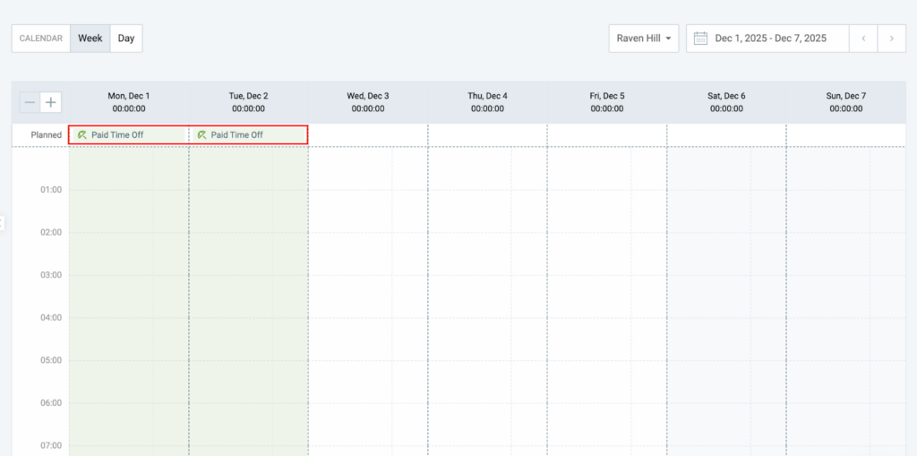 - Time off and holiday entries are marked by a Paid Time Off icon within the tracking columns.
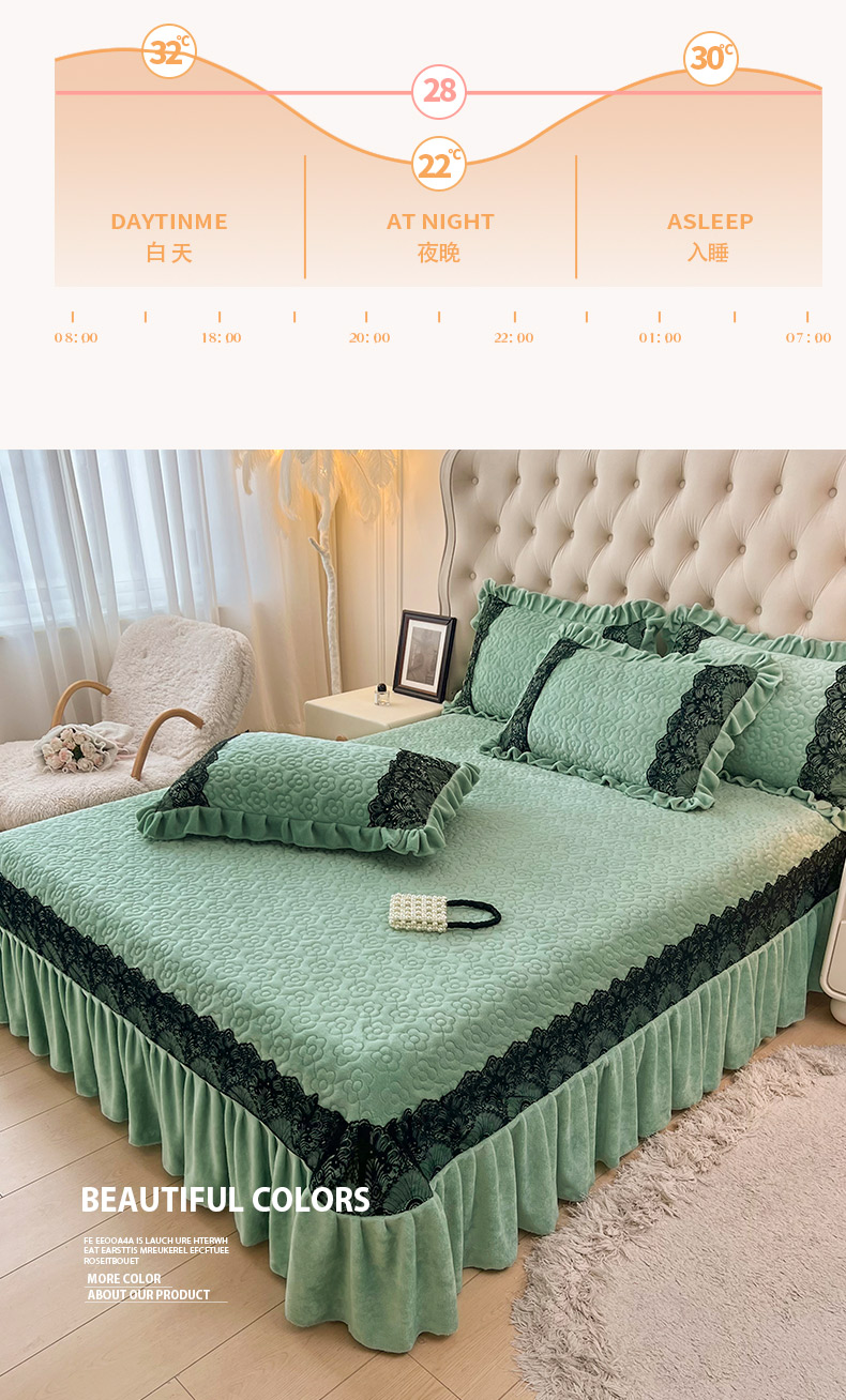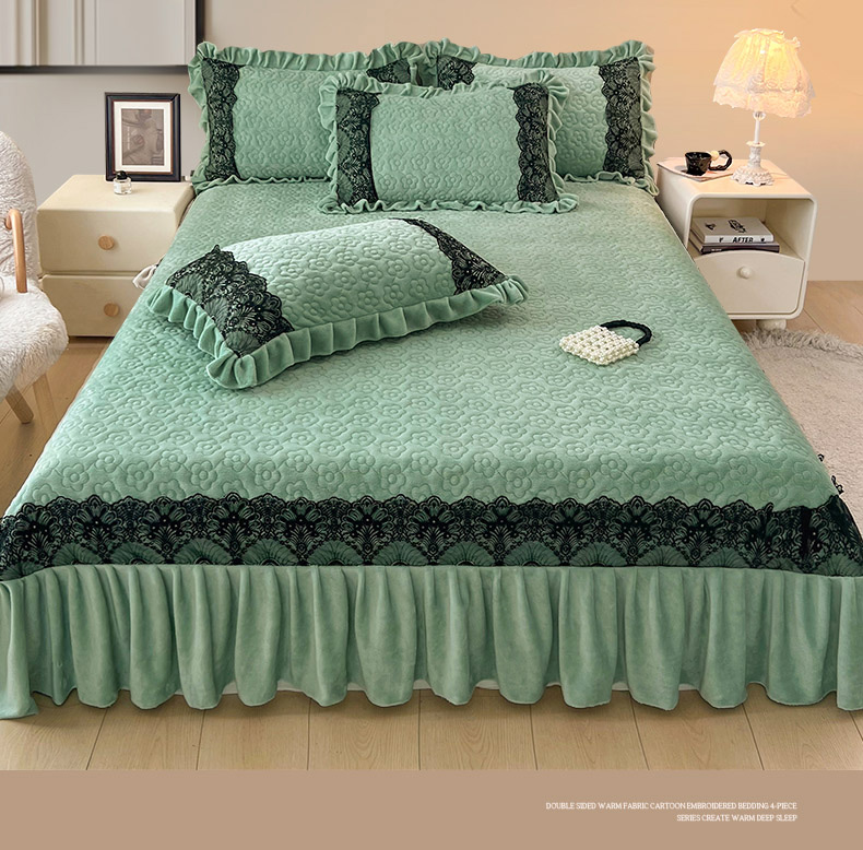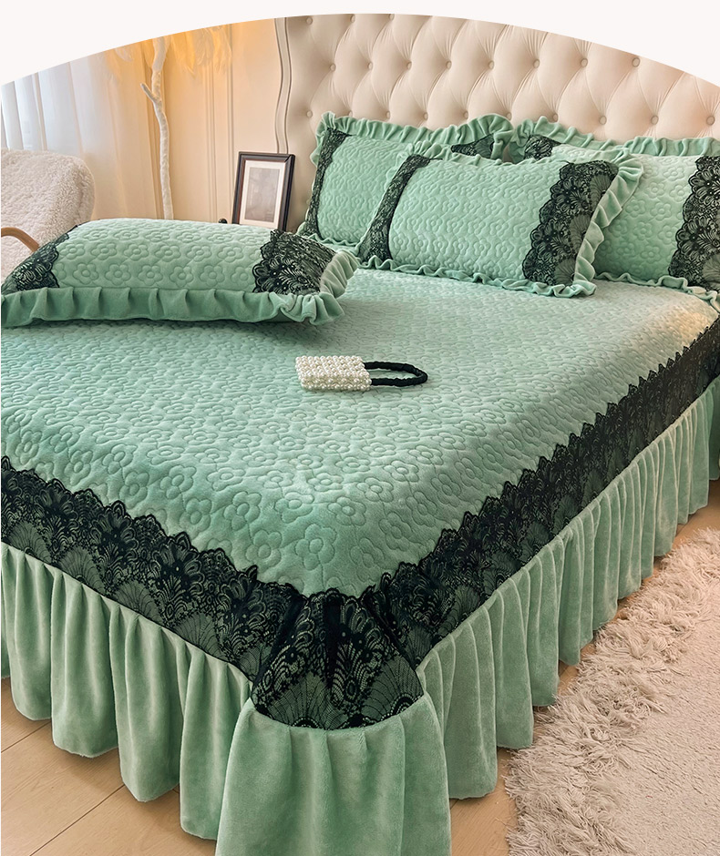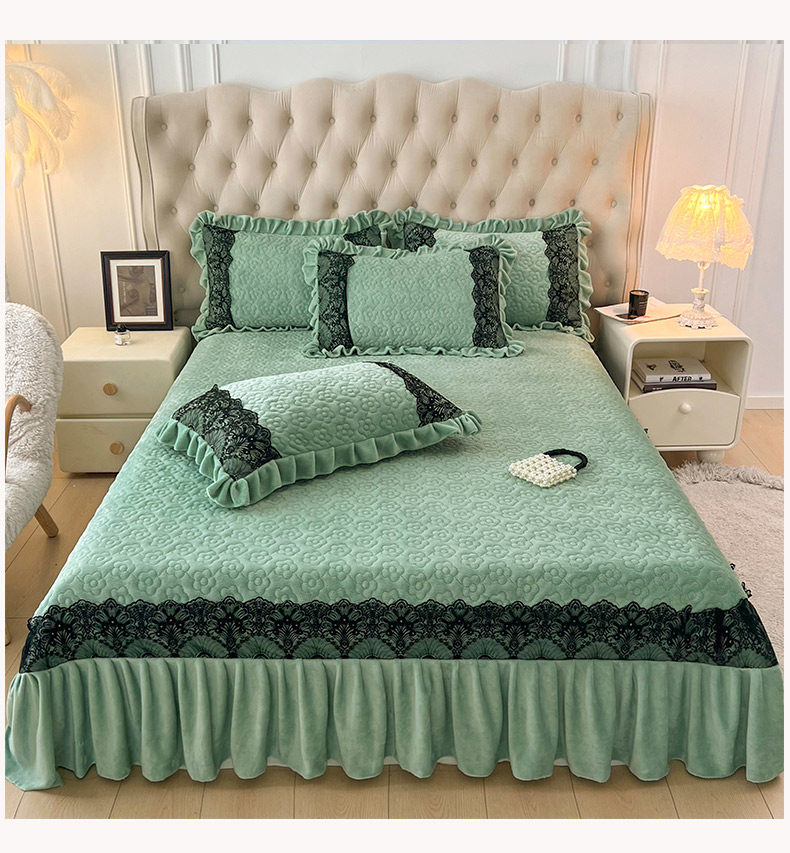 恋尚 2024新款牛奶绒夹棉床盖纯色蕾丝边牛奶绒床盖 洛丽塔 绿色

..............................

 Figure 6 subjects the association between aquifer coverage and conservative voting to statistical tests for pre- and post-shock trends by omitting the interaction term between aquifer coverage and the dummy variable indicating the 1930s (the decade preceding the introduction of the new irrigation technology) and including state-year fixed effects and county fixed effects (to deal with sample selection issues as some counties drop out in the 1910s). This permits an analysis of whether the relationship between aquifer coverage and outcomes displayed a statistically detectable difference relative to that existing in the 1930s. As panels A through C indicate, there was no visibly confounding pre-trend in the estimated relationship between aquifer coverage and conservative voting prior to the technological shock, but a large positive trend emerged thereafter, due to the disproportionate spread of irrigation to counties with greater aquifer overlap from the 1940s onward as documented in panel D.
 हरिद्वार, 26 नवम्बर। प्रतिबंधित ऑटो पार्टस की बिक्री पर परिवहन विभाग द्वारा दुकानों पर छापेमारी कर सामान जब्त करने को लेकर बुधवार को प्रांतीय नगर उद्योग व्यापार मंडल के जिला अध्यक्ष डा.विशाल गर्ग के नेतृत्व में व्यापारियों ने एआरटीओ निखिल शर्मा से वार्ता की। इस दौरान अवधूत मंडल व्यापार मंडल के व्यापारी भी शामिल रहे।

..............................

- [The task] Since the pictures are not part of the copy, please transcribe only the lines above from the one with "- Time off and" through the one with "恋尚 2024新款牛奶绒夹棉床盖纯色蕾丝边牛奶绒床盖 洛丽塔 绿色", exactly and with both ends.

- [Expected output]
 - Time off and holiday entries are marked by a Paid Time Off icon within the tracking columns.
 恋尚 2024新款牛奶绒夹棉床盖纯色蕾丝边牛奶绒床盖 洛丽塔 绿色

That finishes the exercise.